Durante os quatro dias que Allan filmou na casa do artista – onde o filme se passa quase inteiramente, – eles deixam escapar uma cumplicidade que normalmente é pouco explorada entre documentaristas e documentados. Darel faz questão de conversar com Allan sobre o filme, sobre as diferenças entre as câmeras dos dois, sobre o processo de edição e o que fazer com o material final, talvez excitado pela presença de outra pessoa em um ambiente que costuma lhe levar à solidão, que ele diz ser o tema de seus vídeos. Em dado momento, o pintor pergunta “Tem festival pra isso?”, ao que o diretor responde: “Festival é o que não falta. Todo mês tem um”, o que provocou risadas no público que assistiu à estreia do filme na Mostra de Tiradentes.

Aos 85 anos, Darel é mais conhecido no meio acadêmico do que pelo público, o que torna a forma quase rústica com que Allan conduz a abordagem a sua obra uma escolha arriscada, mas muito mais instigante do que seria o tratamento tradicional.

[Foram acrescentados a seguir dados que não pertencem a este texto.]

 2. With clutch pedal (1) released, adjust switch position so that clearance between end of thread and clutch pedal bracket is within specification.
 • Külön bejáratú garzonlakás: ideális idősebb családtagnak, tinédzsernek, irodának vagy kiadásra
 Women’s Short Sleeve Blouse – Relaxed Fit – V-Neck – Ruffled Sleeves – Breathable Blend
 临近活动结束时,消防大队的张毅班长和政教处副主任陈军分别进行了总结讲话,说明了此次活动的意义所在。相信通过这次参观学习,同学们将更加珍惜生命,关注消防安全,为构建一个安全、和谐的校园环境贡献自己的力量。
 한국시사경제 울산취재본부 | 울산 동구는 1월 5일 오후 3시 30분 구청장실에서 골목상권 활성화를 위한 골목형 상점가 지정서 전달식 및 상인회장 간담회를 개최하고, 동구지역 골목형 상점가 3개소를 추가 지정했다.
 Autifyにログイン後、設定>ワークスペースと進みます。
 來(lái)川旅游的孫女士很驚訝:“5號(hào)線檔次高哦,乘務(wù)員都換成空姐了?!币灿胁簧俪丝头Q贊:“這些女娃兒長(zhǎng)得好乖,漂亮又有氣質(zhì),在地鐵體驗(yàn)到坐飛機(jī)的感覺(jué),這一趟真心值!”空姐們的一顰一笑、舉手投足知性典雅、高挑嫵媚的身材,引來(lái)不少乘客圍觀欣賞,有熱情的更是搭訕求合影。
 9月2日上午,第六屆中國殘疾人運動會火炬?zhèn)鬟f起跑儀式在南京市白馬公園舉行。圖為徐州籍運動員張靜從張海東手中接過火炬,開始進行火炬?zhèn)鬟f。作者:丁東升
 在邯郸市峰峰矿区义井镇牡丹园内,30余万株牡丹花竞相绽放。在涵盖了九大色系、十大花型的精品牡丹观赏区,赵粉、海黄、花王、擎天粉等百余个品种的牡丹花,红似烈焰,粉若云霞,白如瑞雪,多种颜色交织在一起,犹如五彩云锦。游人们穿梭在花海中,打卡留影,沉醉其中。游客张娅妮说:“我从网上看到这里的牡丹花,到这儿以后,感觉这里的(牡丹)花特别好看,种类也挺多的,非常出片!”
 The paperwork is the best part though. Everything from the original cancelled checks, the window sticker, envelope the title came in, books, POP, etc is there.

O diretor nos apresenta à vasta coleção de quadros, gravuras e desenhos inacabados do artista sem se preocupar com seus métodos de trabalho, materiais ou inspirações, o que seria de se esperar de um documentário sobre um pintor. Mas a pintura é apenas uma das várias camadas de Darel, que se recusa a pintar para a câmera a menos que esteja realmente inspirado, e Allan usa isso a seu favor.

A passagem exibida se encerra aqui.